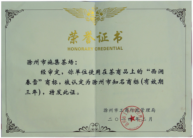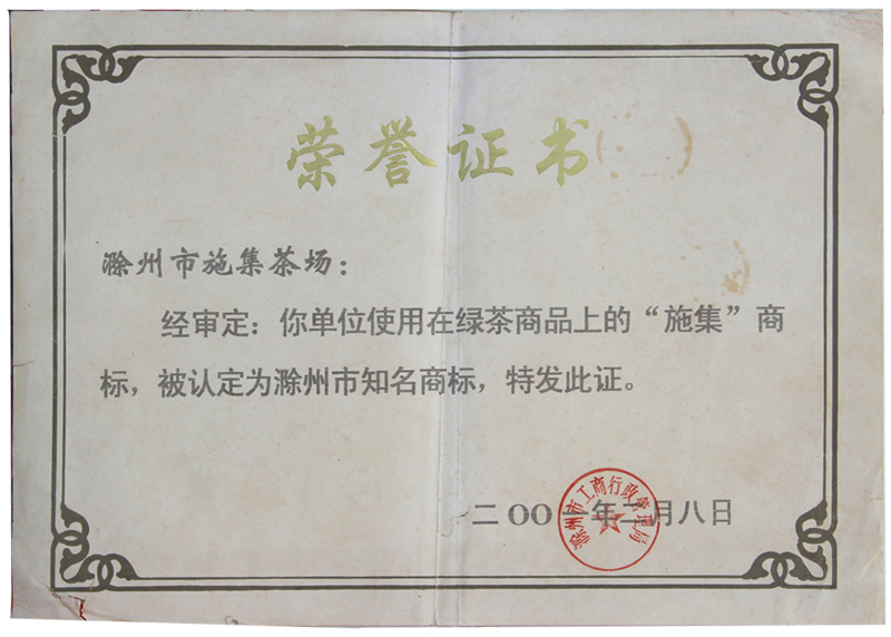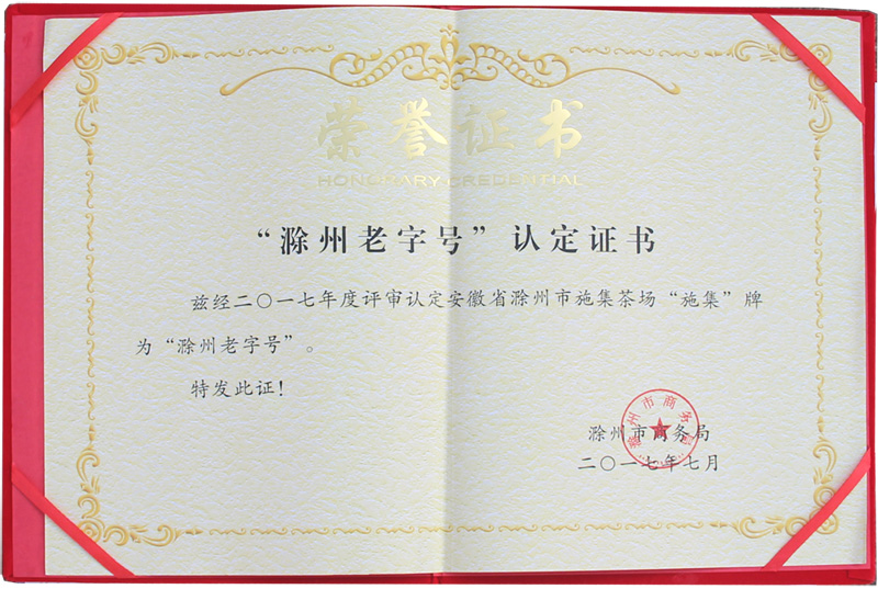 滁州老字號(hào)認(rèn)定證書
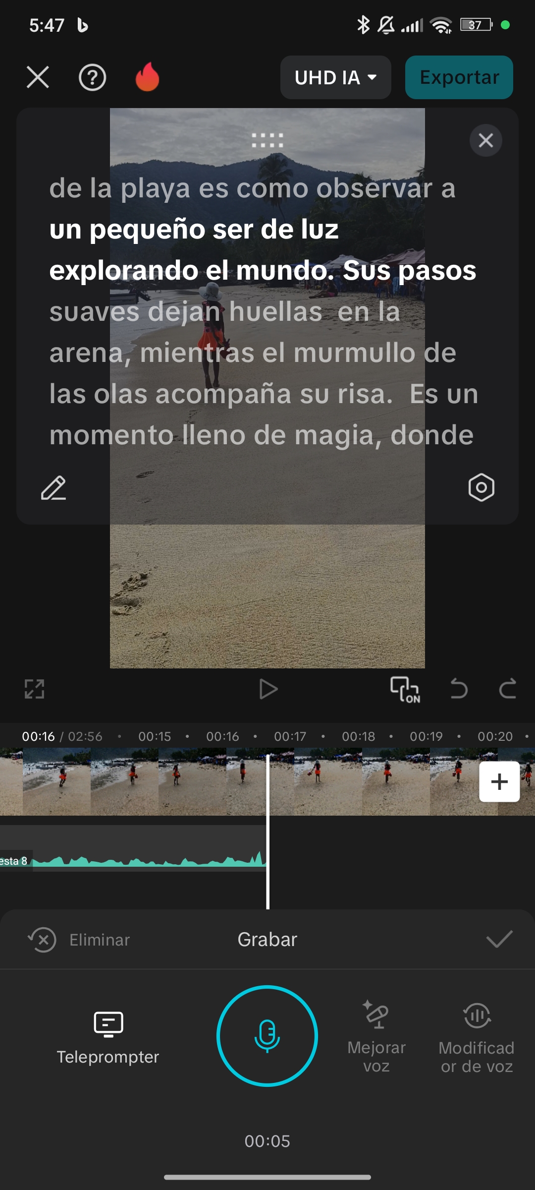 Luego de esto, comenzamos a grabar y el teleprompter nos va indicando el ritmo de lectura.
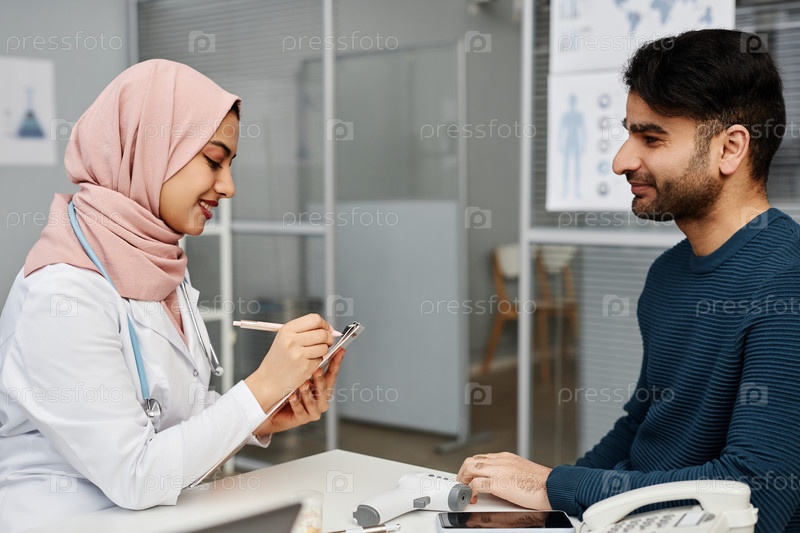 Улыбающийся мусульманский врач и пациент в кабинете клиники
▬▬▬▬▬▬
* Problem to work on:
Set down the material again exactly. Don't carry over any pictures.

* Answer area:
 滁州老字號(hào)認(rèn)定證書
 Luego de esto, comenzamos a grabar y el teleprompter nos va indicando el ritmo de lectura.
 Улыбающийся мусульманский врач и пациент в кабинете клиники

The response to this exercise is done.